2011年1月16日日曜日

冬ごもり

寒い。センター試験の受験生たちのことを少し思いやる。先週の金曜日で大学の10年度の授業も終わった。前年度の受講生二人と(一人はなぜか去年この授業の単位は取ったのに今期もほとんど休みなく聴講してくれた3年生、もう一人は4年生だが、この一年思うことがあって休学していた女学生。今年は復帰するという、単位はほとんど取得しているそうで、今年後期のゼミを一つだけ取ればいいということ。)池袋で飲んだ。N君は今、詩を書いている。詩を書きたい、書くことに熱中している。Hさんは自分の進路に対して真正面から向き合い、悩み考えている。一つの道が見えてきている。ぼくは自分の今期の講義の反省ともつかぬ愚痴を、このもの分かりのいい優しい学生二人に向かってぐだぐだ言いながら日本酒を飲んだ。それが金曜日の夜。帰りに西荻で途中下車して杉並高校のときの教え子(実際には授業はもたなかったが)がやっているソーヤーカフェに寄り、おいしいラム酒(なんて言う銘柄だったか忘れてしまった)を飲む。お店で彼の奥さんとも話をするが、彼女は岡山の出身で三沢浩二や秋山基夫を知っているというのには驚いた。そこに岡崎武士さんが入ってきた。私は挨拶をして帰った。

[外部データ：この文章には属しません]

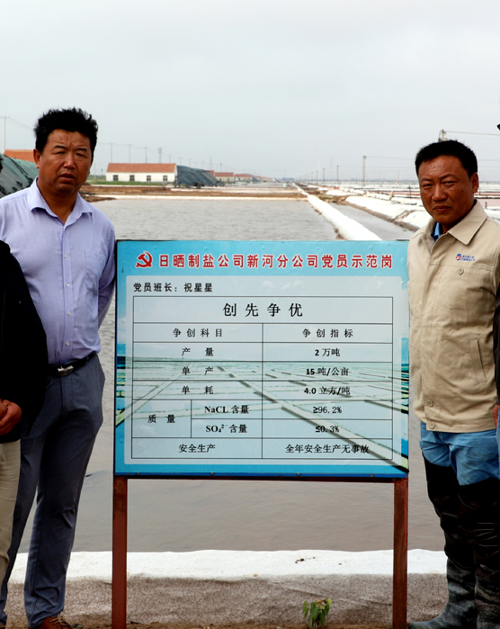 2016 年底,由于祝星星的出色表現(xiàn),在全公司31個班組長中,他被公司選中擔任原料鹽基地的班長。面對新的班組、新的戰(zhàn)場,他帶領(lǐng)班組全體員工,發(fā)揚不怕吃苦、不怕累、大愛擔當、大志拼搏的精神,在短短一年的時間里,使原料海水鹽結(jié)晶區(qū)灘地面貌就煥然一新,不管是生產(chǎn)管理還是在灘場文明管理上均走在公司的前列。2018 年,為公司創(chuàng)建一流的海水原料鹽基地,他帶領(lǐng)著全體班組成員積極完善“傳統(tǒng)海鹽+新式工藝”的生產(chǎn)模式,大力實施原鹽質(zhì)量標準化建設(shè),強化生產(chǎn)管理、灘場文明等環(huán)節(jié)的執(zhí)行力度,向著生產(chǎn)優(yōu)質(zhì)原料鹽1.5 萬噸的目標邁開了新的步伐。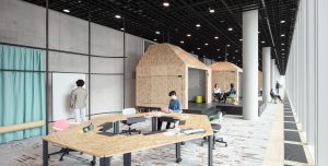 F21 has been opened to employees and in-house start-ups in 2019. The headquarters was completed in 2017 by David Chipperfield Architects in the city center of Seoul. Contrary to the more subdued interior of the other floors, Kinzo’s design of the 3,100 sqm of F21 relies on a mixture of raw elements and bold colors. The contrast between the dark grid ceiling and the floor of large plywood panels is a playful concept – one of the many contrasts that promote an open and creative working atmosphere.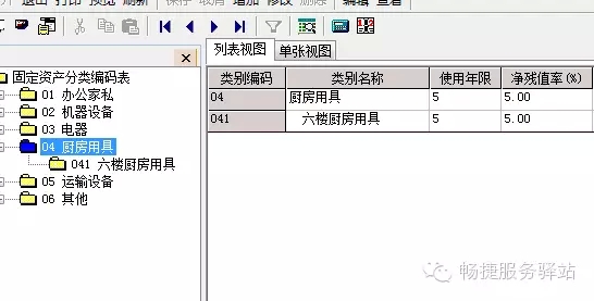 再去看一下软件中的固定资产类别,发现根本就没有042这个类别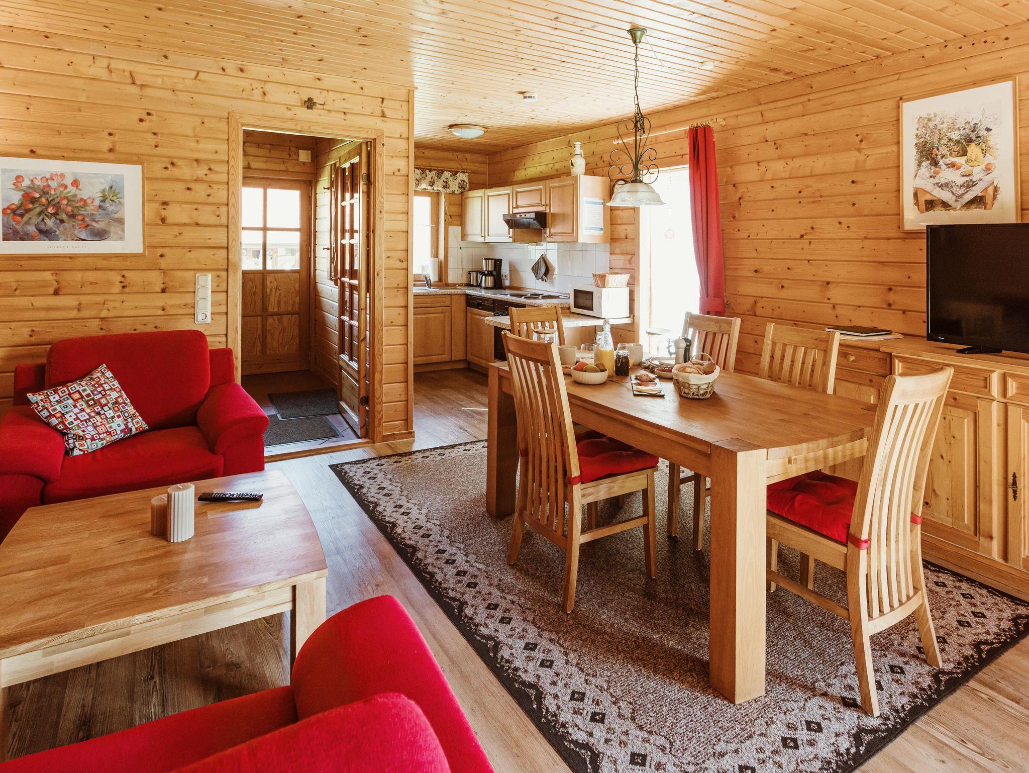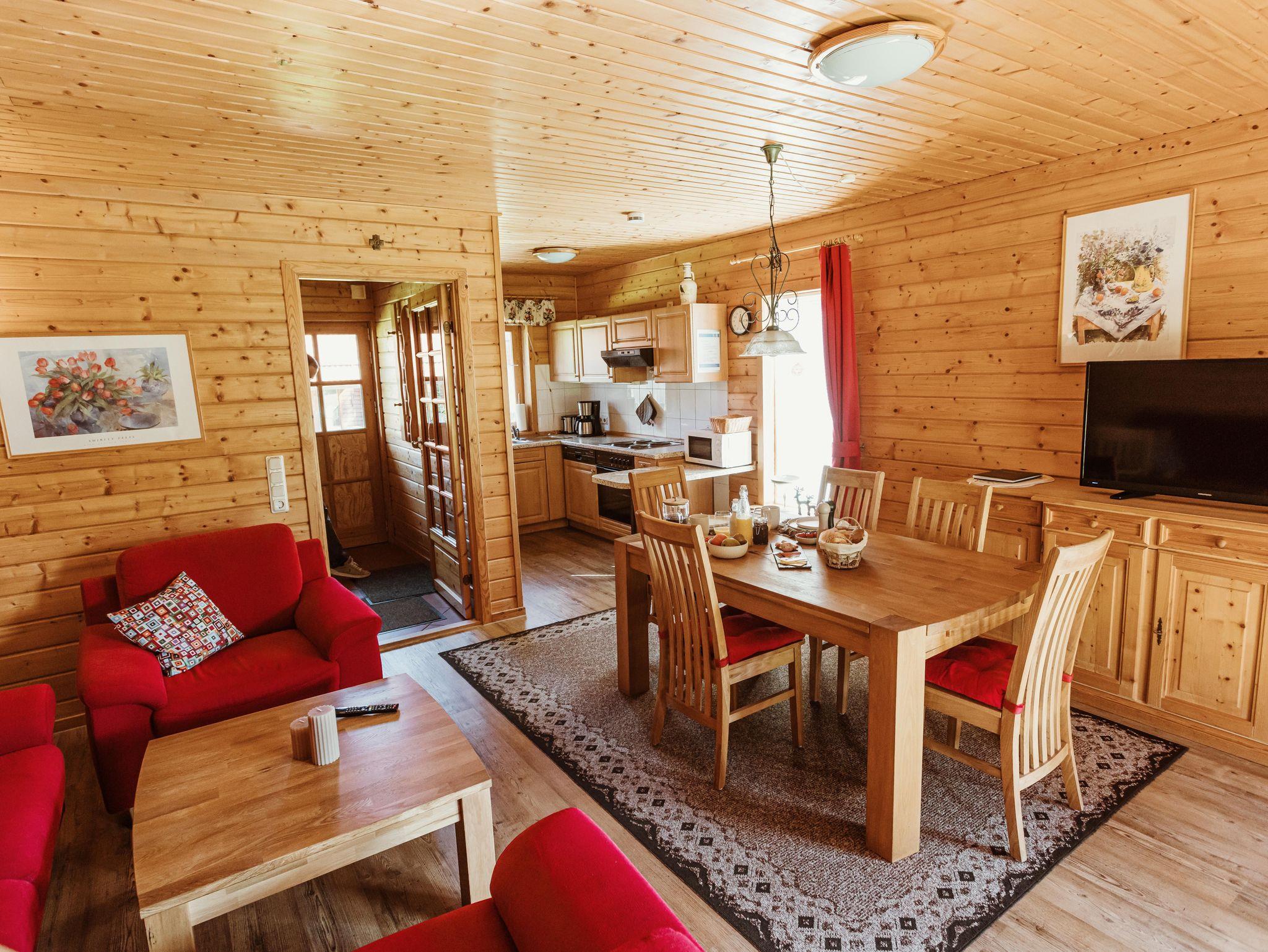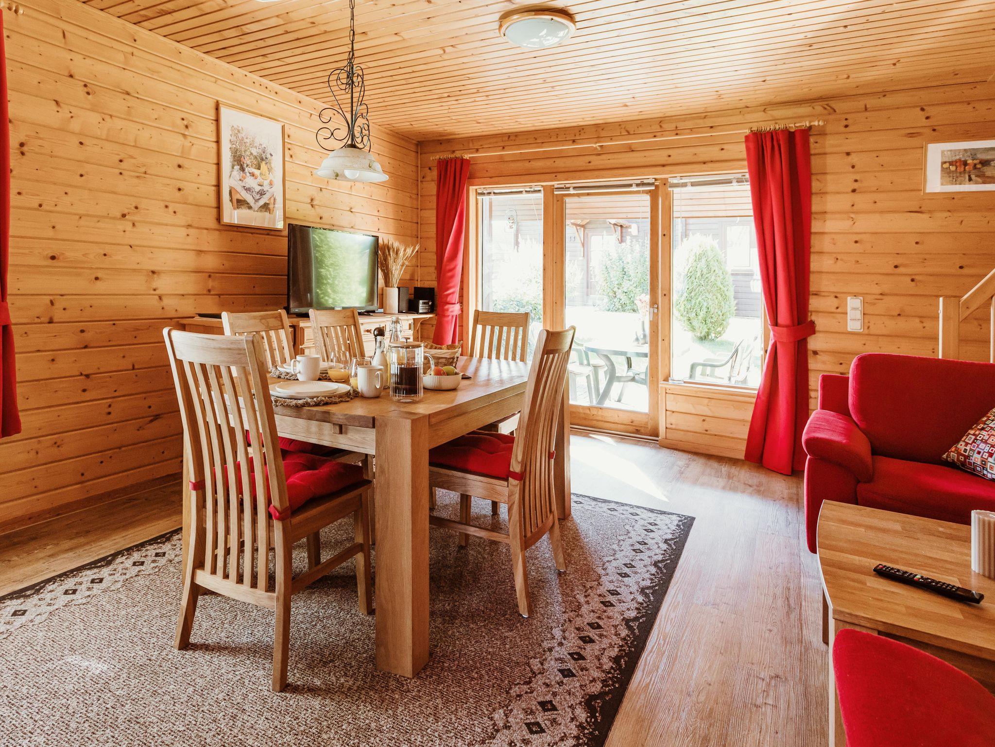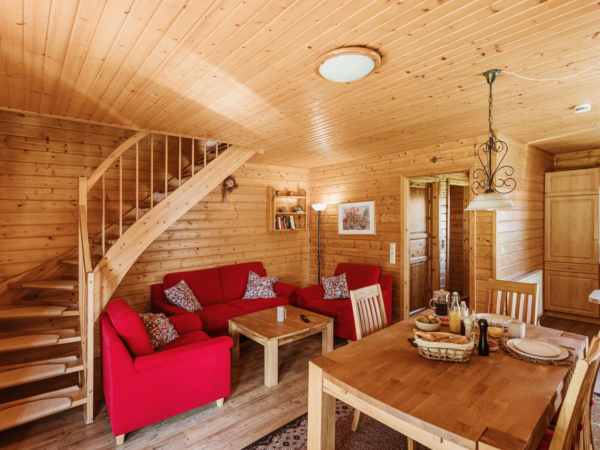 Die Doppelhaushälfte in Holzbauweise bietet auf rund 65 m² Wohnfläche Platz für bis zu fünf Personen. Im Erdgeschoss befinden sich ein Wohn- und Schlafbereich mit Couch, ein separater Essplatz, SAT-Flachbild-TV, HiFi-Anlage, eine voll ausgestattete Kochnische mit Geschirrspüler und Mikrowelle, ein Abstellraum sowie ein Gäste-WC.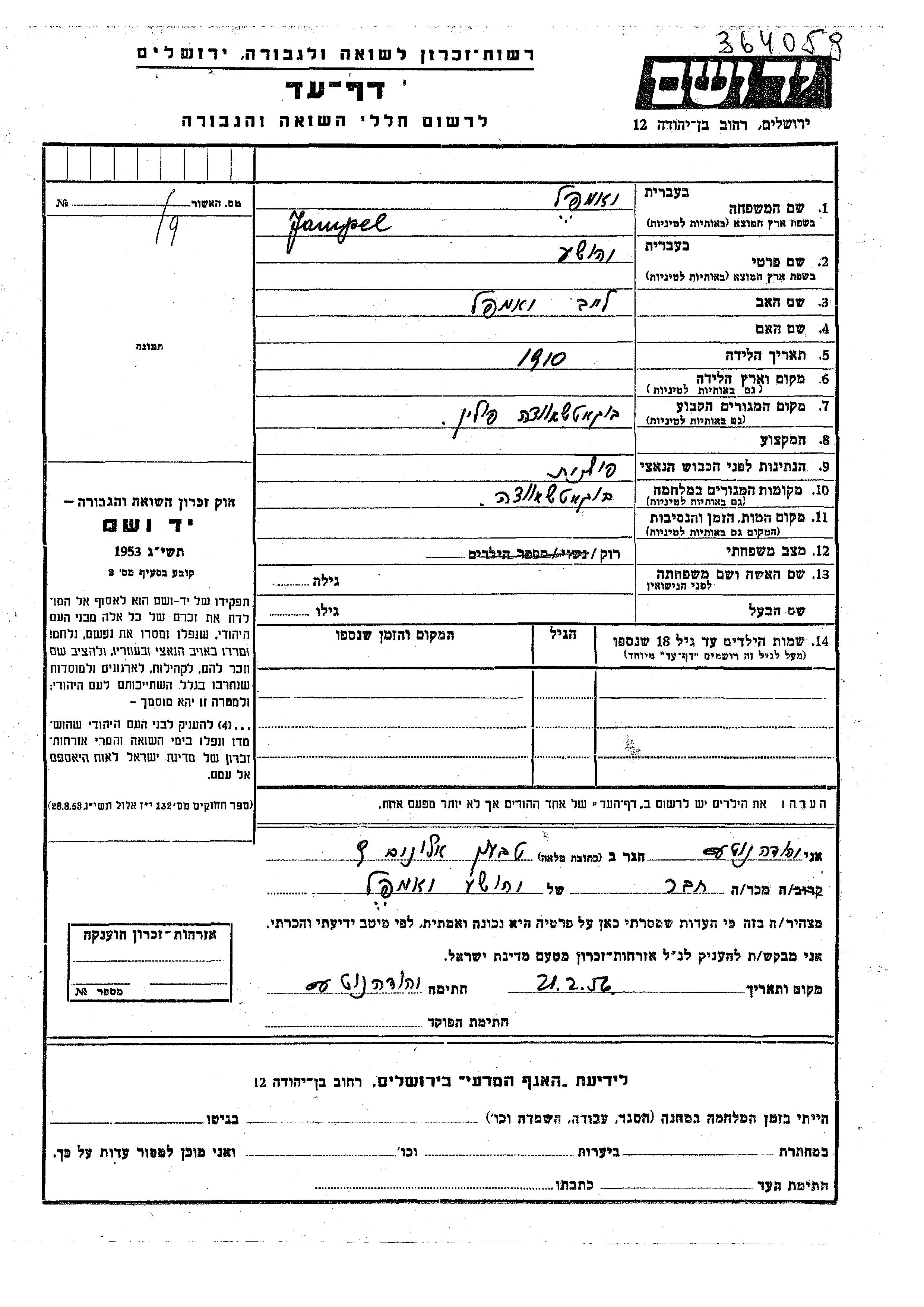 Yehoshua Jampel wurde im Jahr 1910 geboren. Er war der Sohn von Leib. Er war Ledig. Vor dem Zweiten Weltkrieg lebte er in Bukachivtsi, Polen. Während des Krieges war er in Bukachivtsi, Polen.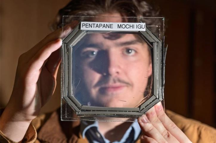 Vật liệu cách nhiệt cửa sổ mới mang tên MOCHI, được gắn lên một tấm nhựa mỏng. Ảnh: Glenn J. Asakawa/CU Boulder

土曜日、日曜日とひきこもる。今年になって買った『蕪村句集講義1』(東洋文庫)を読む。これは子規、碧梧桐、鳴雪、虚子らの「蕪村句集」輪講の記録である。その輪講は明治31年の1月15日から36年4月6日まで63回にわたり行われた、それが逐次「ホトトギス」に連載され、その後に単行本として「冬之部」「春之部」「夏之部」「秋之部」として刊行されたということだ。それを東洋文庫として三巻に分けて出版するというもの。全部出たのかどうか知らないけど、その一巻目「冬之部」を国立の増田書店で購入した。早稲田の佐藤勝明という人が校注している。この人はやはり最近出た(去年だが)『芭蕉全句集』(角川ソフィア文庫)の訳注者の一人でもある。

その中から「冬ごもり」の句。

「居眠りて我にかくれん冬ごもり」
これに対して碧梧桐は以下のように記す。
―汚れたる浮世の我を忘れて、暫く清浄の界に遊ばんといふ心なるべし。我を客観に見るが故に我にかくれんとと言ふ。居眠るは仮寝にして膝などを抱えたる侘人のさまをも想像すべく、冬籠の情を得たり。芭蕉が金屏の松の古びや、と詠ぜしは其客観にして、この句は即ち其主観なるべし。この句も時の連想少なき句なり。―

後半ちょっとわかりにくいが、芭蕉の「金屏の松の古さよ冬籠」との対比などいろいろ考えさせる。

「冬ごもり壁をこころの山に倚る」
「冬ごもり灯下に書すとかかれたり」

「勝手まで誰が妻子ぞ冬ごもり」
この句についての輪講の記録者は子規だが以下のように書いている。輪講の場を彷彿とさせる。
―鳴雪翁曰く、主人奥の間に冬籠りし居る時、勝手(松山にて茶の間といふが如し)の方に何やら話し声のするを聞き咎めて「さては何処の妻君か子供をつれておとづれたりと見ゆるは」と思へるなり。もっともこの来客は勝手まで来て、此の家の家内分と話したるのみにて、主人には面会もせず帰りたれば、主人はそれを誰とも知らぬなり。かく主人には面会せずして帰る処、冬籠りの情を穿ちたり。但し蕪村にしては悪き句なり(露月氏も悪句と為す)。
子規曰く、明解を得て疑団釈けたり。この趣向、太祇・几董などの多く作る所なり。この句を蕪村集中の佳什とは思はねど、鳴雪翁の如くは貶せず。蓋し複雑したる趣向を善く言ひ得たる処、伎倆驚くべきものあり。蕪村ならでは到底言ひをほせずと信ずればなり。―

「冬ごもり仏にうときこころ哉」これも子規の記録による。
―鳴雪翁曰く、万事を抛ちて冬籠り居れば、もとより寺詣りするでも無く、また内で勤行するでも無く、只為す事も無くて日を暮らすにぞ、自ら仏に疎遠になった心持ちはすると詠みたるなり。最も趣味深き句なり。―

蕪村の冬籠り、それを解釈する子規たち明治人の冬籠り、そしてわたしの冬籠り、共通するものは何処にあるか。